## Data records
━━━━━━━━━━

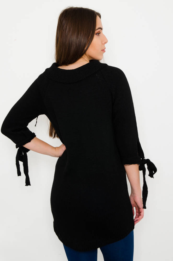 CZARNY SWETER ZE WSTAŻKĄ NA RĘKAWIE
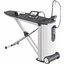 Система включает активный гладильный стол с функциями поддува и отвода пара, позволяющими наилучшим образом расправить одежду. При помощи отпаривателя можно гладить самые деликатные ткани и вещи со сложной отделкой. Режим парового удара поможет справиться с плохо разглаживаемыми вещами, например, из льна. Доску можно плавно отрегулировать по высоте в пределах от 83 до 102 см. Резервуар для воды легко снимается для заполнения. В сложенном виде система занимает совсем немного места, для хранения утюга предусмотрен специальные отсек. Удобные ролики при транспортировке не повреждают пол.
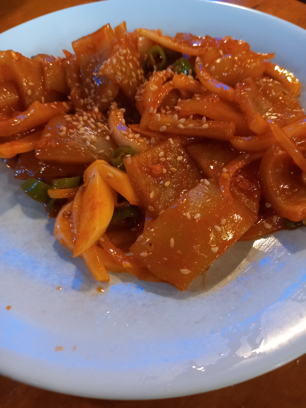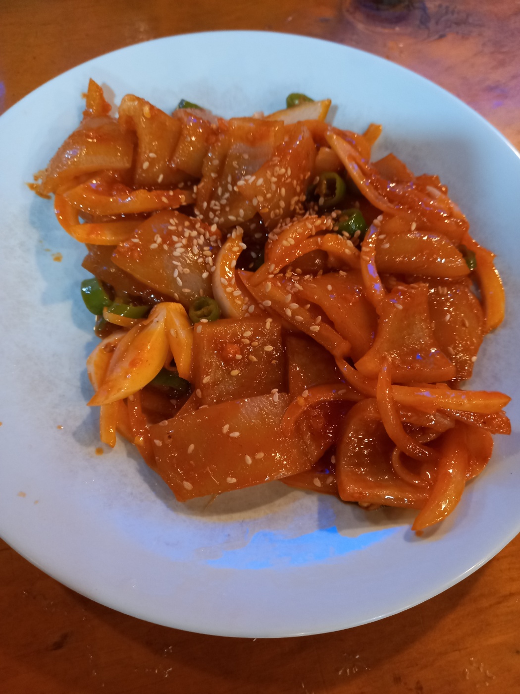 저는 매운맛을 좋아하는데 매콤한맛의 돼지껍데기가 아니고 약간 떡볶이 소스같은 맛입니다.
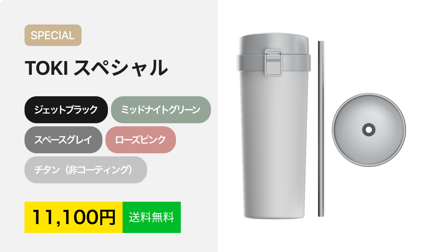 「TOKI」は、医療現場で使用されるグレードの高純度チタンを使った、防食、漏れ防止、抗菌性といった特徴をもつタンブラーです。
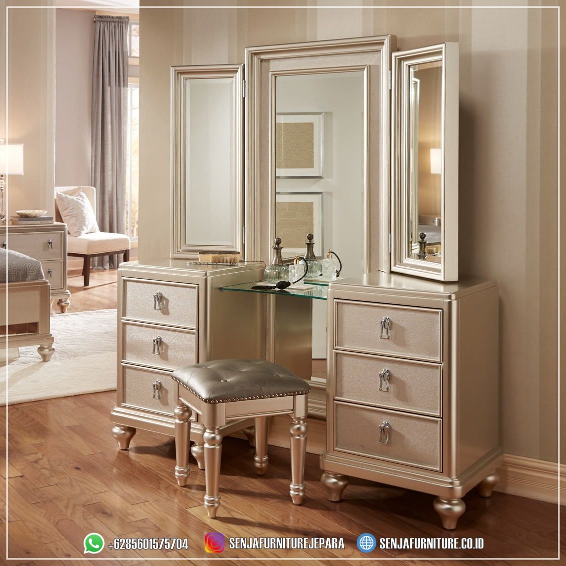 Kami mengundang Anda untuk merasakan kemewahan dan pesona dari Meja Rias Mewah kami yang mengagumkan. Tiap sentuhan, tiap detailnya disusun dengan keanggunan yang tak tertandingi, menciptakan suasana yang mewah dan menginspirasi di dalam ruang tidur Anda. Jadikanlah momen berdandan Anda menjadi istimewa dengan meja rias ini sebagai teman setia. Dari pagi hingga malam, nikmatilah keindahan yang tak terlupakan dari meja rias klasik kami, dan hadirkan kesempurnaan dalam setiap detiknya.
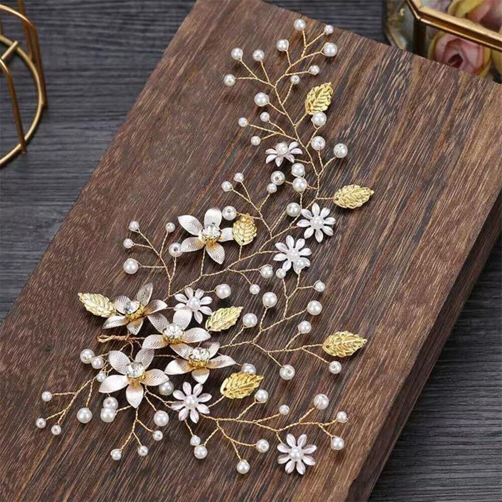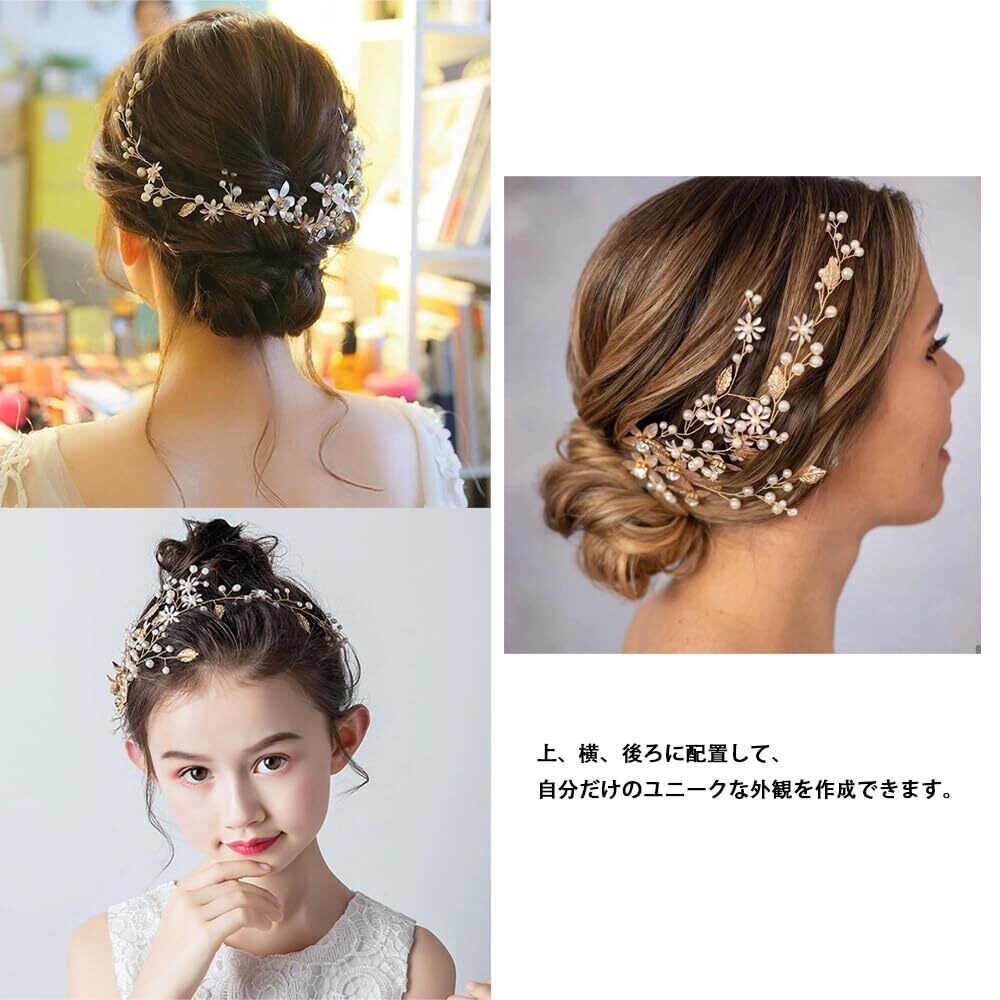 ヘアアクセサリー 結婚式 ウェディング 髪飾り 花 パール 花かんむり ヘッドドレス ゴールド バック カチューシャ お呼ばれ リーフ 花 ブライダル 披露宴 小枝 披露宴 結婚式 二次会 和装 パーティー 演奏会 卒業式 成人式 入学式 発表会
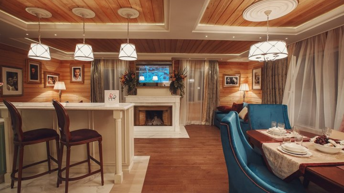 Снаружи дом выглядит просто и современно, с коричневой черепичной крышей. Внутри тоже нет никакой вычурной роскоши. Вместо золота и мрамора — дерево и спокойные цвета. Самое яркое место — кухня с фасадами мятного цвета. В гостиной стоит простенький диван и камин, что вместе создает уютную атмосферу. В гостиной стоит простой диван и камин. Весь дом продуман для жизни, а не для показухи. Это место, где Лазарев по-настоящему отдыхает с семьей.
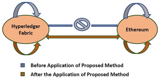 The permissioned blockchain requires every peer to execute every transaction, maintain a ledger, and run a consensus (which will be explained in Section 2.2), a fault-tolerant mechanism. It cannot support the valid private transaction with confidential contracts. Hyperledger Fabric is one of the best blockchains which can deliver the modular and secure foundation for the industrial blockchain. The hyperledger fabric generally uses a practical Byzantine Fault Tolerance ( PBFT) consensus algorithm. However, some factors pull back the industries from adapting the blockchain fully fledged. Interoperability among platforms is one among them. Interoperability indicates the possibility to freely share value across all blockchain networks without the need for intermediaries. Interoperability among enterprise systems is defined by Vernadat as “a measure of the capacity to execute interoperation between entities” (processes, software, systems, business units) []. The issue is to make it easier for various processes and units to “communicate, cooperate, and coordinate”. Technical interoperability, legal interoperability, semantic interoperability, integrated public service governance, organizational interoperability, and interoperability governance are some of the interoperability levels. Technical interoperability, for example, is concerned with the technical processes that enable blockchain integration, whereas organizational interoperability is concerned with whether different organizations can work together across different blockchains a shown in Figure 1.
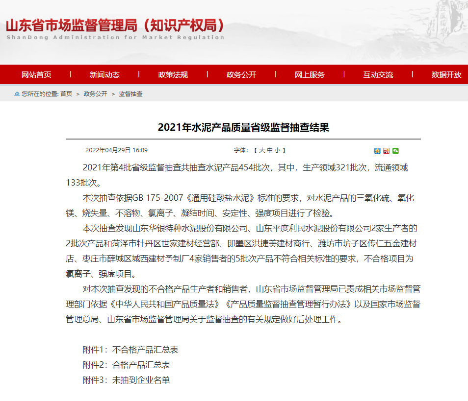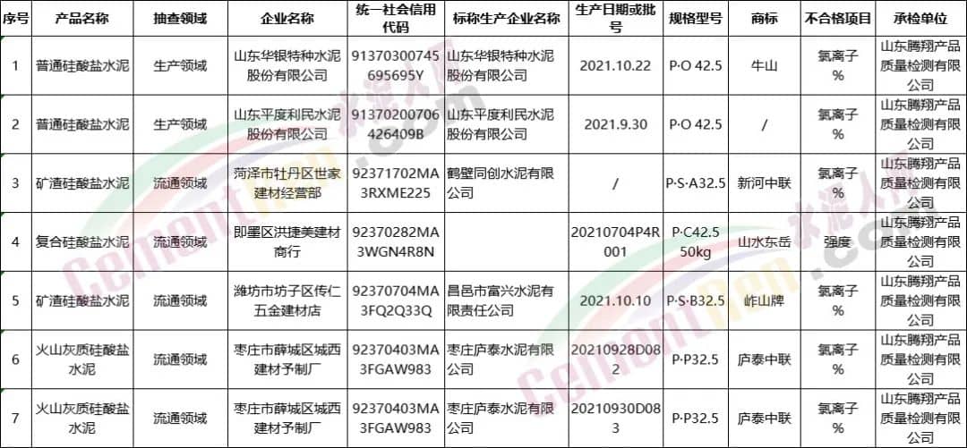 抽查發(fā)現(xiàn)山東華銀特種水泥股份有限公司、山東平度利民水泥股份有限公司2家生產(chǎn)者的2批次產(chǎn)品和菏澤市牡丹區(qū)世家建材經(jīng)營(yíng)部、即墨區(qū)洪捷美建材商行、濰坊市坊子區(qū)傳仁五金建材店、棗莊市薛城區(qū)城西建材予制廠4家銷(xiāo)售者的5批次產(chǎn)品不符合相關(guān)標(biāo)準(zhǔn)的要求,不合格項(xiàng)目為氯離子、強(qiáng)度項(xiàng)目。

━━━━━━━━━━

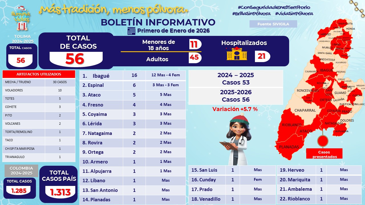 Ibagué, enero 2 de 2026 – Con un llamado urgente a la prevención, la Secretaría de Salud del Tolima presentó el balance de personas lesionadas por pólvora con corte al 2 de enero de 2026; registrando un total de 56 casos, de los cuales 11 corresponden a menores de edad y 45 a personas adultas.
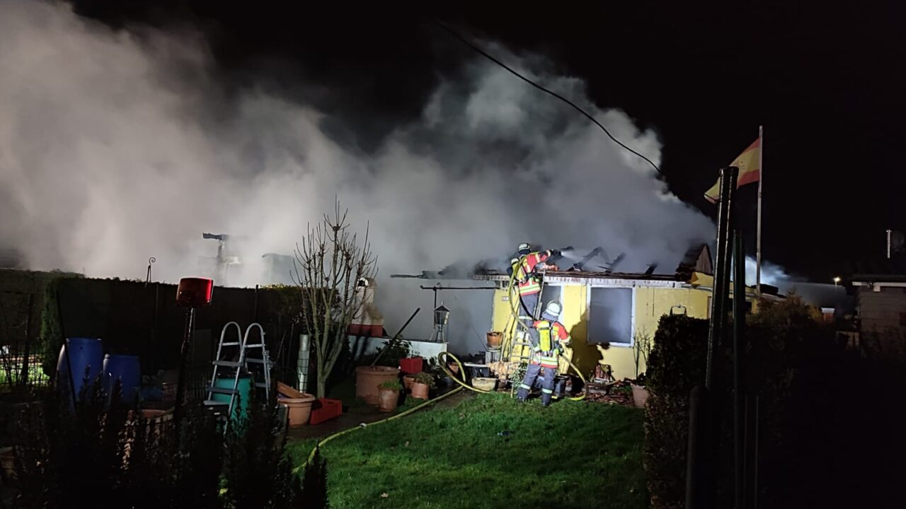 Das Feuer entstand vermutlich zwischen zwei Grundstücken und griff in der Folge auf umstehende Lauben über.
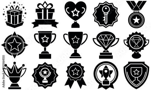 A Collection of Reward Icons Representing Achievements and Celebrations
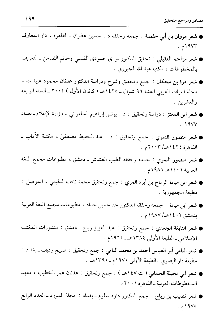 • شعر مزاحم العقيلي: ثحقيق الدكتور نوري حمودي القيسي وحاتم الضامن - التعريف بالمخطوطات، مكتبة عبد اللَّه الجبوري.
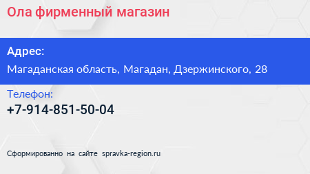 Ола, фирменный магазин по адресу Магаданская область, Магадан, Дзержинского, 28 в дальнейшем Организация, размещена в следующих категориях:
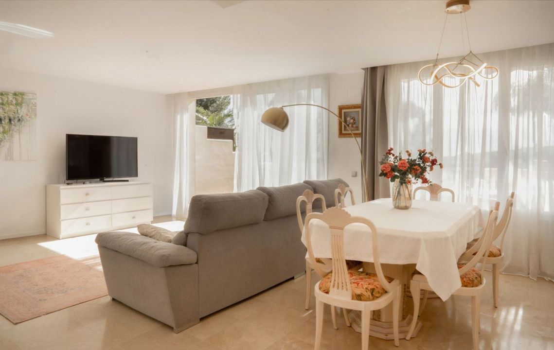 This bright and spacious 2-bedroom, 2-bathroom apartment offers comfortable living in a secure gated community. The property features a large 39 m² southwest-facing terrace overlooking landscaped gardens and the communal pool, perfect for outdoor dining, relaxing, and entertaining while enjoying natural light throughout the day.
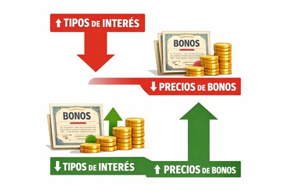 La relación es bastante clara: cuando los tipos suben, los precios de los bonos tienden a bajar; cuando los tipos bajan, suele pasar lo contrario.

━━━━━━━━━━

## Your objective
Using the data above, output the line that has "عبد اللَّه الجبوري.", the line that has "La relación es", and whatever lines fall between, each exactly as it stands and without pictures.

## Written answer
 • شعر مزاحم العقيلي: ثحقيق الدكتور نوري حمودي القيسي وحاتم الضامن - التعريف بالمخطوطات، مكتبة عبد اللَّه الجبوري.
 Ола, фирменный магазин по адресу Магаданская область, Магадан, Дзержинского, 28 в дальнейшем Организация, размещена в следующих категориях:
 This bright and spacious 2-bedroom, 2-bathroom apartment offers comfortable living in a secure gated community. The property features a large 39 m² southwest-facing terrace overlooking landscaped gardens and the communal pool, perfect for outdoor dining, relaxing, and entertaining while enjoying natural light throughout the day.
 La relación es bastante clara: cuando los tipos suben, los precios de los bonos tienden a bajar; cuando los tipos bajan, suele pasar lo contrario.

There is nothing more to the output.